BENİM HASRETLERİM VAR

İnsan fani ve ölümlü, ama insanın arzuları sonsuz. Ölüm gelecek, ama insan yaşamaya ara vermek istemiyor. Ölüm son değil, ama bilinmez bir zaman boyunca yeniden dirilişi beklemek insanı ürkütüyor. Ruhum sonsuzluk peşinde, ruhum özgürlük yoluında; ama yapabileceklerim ve sahip olabileceklerim çok sınırlı. Elde edemiyorsam özgürlüğü ve sonsuzluğu, hasrette mi duymayayım?

Uçabilmek, serin rüzgarlarla dans edebilmek, gök mavisine sarılmak, hiç uyumadan sonsuza dek sabahlamak ve güneşi görerek sevince boğulmak istiyorum. Göklerle arkadaş olmalı, göklerde pervasızca uçmalı ve gök mavisinin derinliğinde mutluluğu bulmalıyım. Kuşlar gibi özgür ve kelebekler gibi pervasız olamıyorsam, hasretim mi olmasın?

Hiç uyumadan serin gecelerde huzur bulmak, gecenin sessizliğinde kendime gelmek ve zamandan saatler çalmak isterdim, ama küçük ölüm denilen uykuya bağımlıyım. Bütün anı saran diriliğe sahip değilsem, hasrette mi duymayayım?

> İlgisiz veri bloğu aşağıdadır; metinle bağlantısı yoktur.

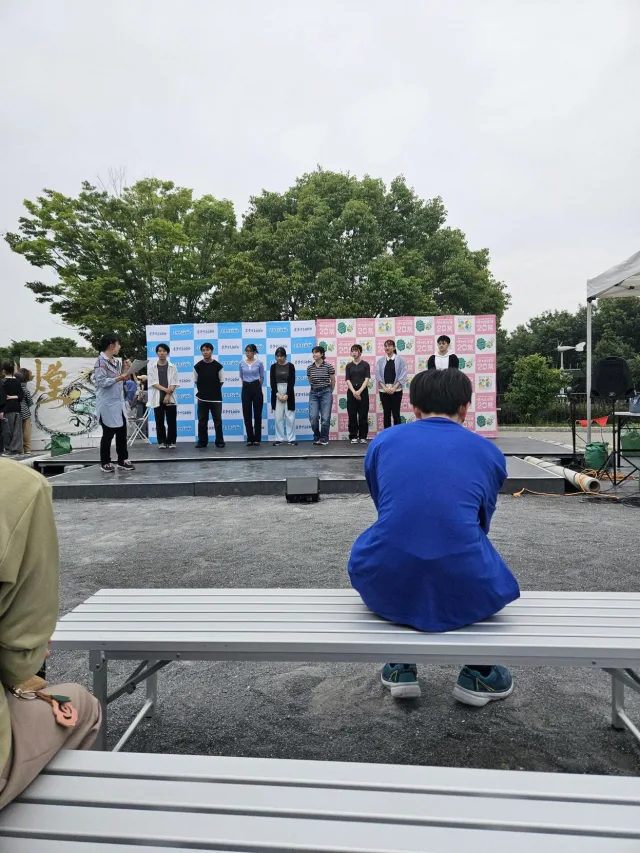 横断幕はタームごとに出展会場に設置されるもので、「地球を愛する学園祭」と書かれた白布に、タームごとに決定されたスローガンやイラスト等が描かれました。その後、各出展大学がステージに出演し、それぞれの出展計画について公開プレゼンテーションを行いました。
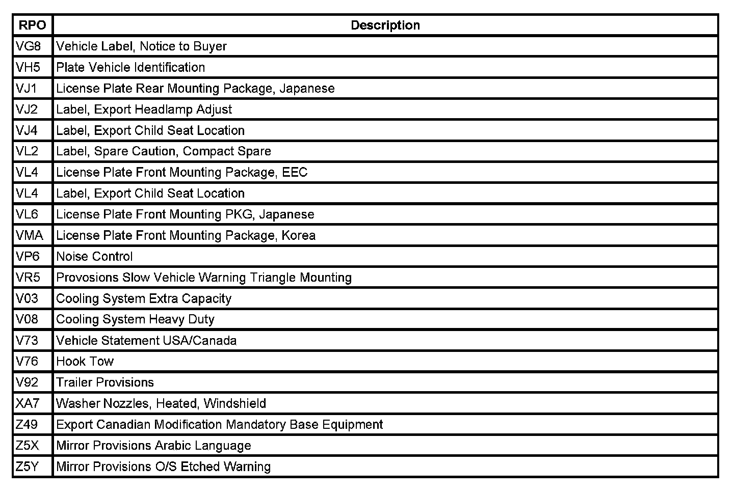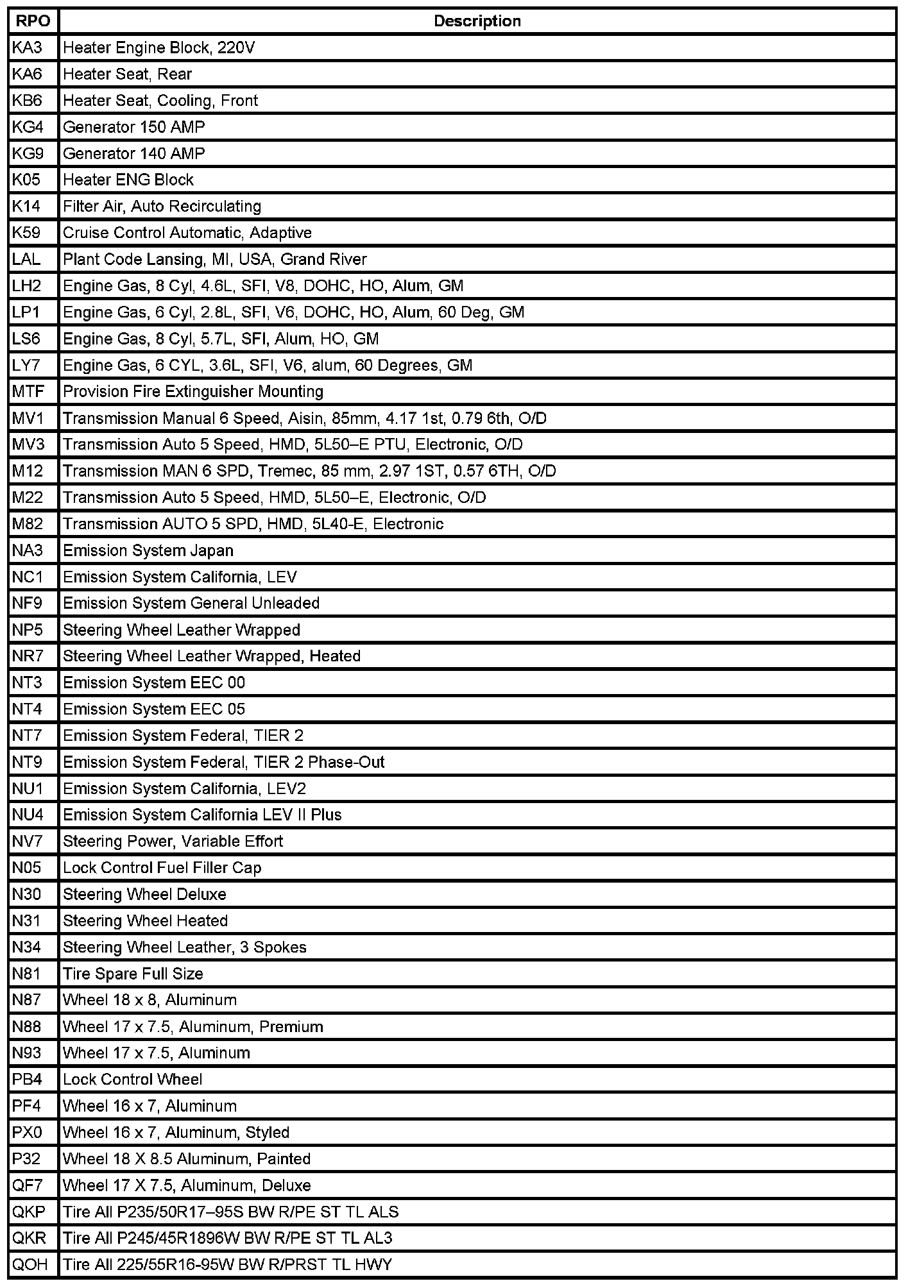 The table provides the description of the Regular Production Option (RPO) codes that are available on the vehicle. The vehicle's RPO list is printed on the Service Parts Identification Label.
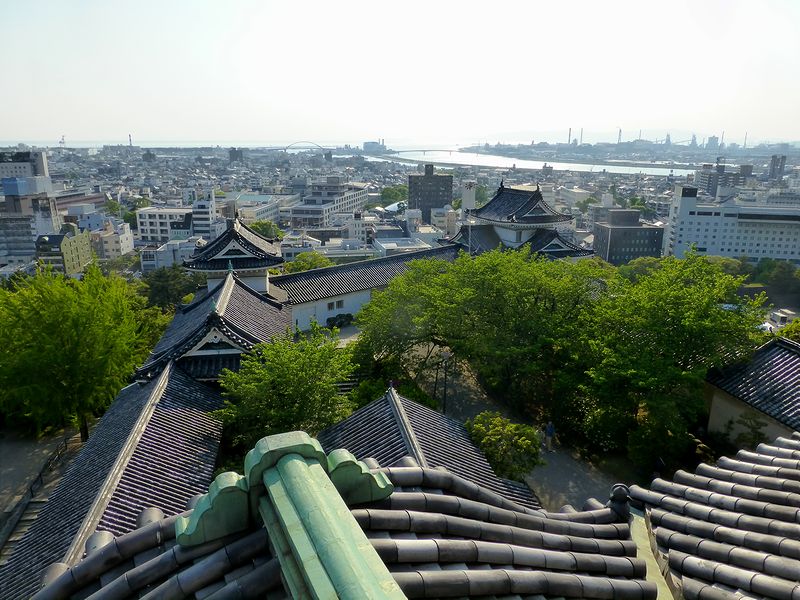 天守の復元に携わったのは、前述のとおり東京工業大学名誉教授の藤岡通夫氏なのですが、氏が関わった復元天守にはかの中津城といった結構な物件もある中、この和歌山城はかなり以前の物に忠実に作られたそうで、復元の際に窓を増やしたりすることが多い中それをやらず、大きさにもこだわって復元されたそう。で、天守の中はお約束の資料館。そこに展示されている資料も興味深かったのですが、個人的には、昔の鉄筋コンクリート建物ということで、その造作とかに興味を惹かれたりして。また、天守最上階に登れば、こちらもお約束の絶景。あと、珍しい連立式天守の二の門櫓から楠門(二の門)、そして乾櫓といった建物群の繋がり方もよくわかります。
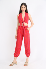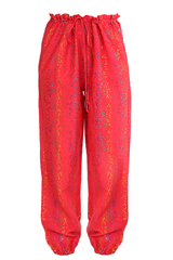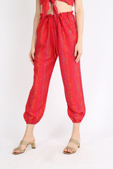 Calça cintura alta, ajuste na cintura com rolotê, elástico no tornozelo.

Gencim ve hayallerim var. Hiç yaşlanmayacağımı ve ölmeyeceğimi düşünüyorum, ama ak saçlar yavaş yavaş belirmeye başladı. Kim bilir, yaş 35 yolun yarısı değilse; bu dünyada en güzel çiçekler bile solmaya mahkumsa; bu dünyada hafakanlar ruhu sarmışsa; bu dünyada Leylalar hep hayaldeyse; bu dünyada yürekler burkulmak zorundaysa; bu dünyada sevdalar ancak masallarda yaşanıyorsa; bu dünyada zalimler hep mutluysa, elimden ne gelir, sonsuz mutluluğa hasret mi duymayayım?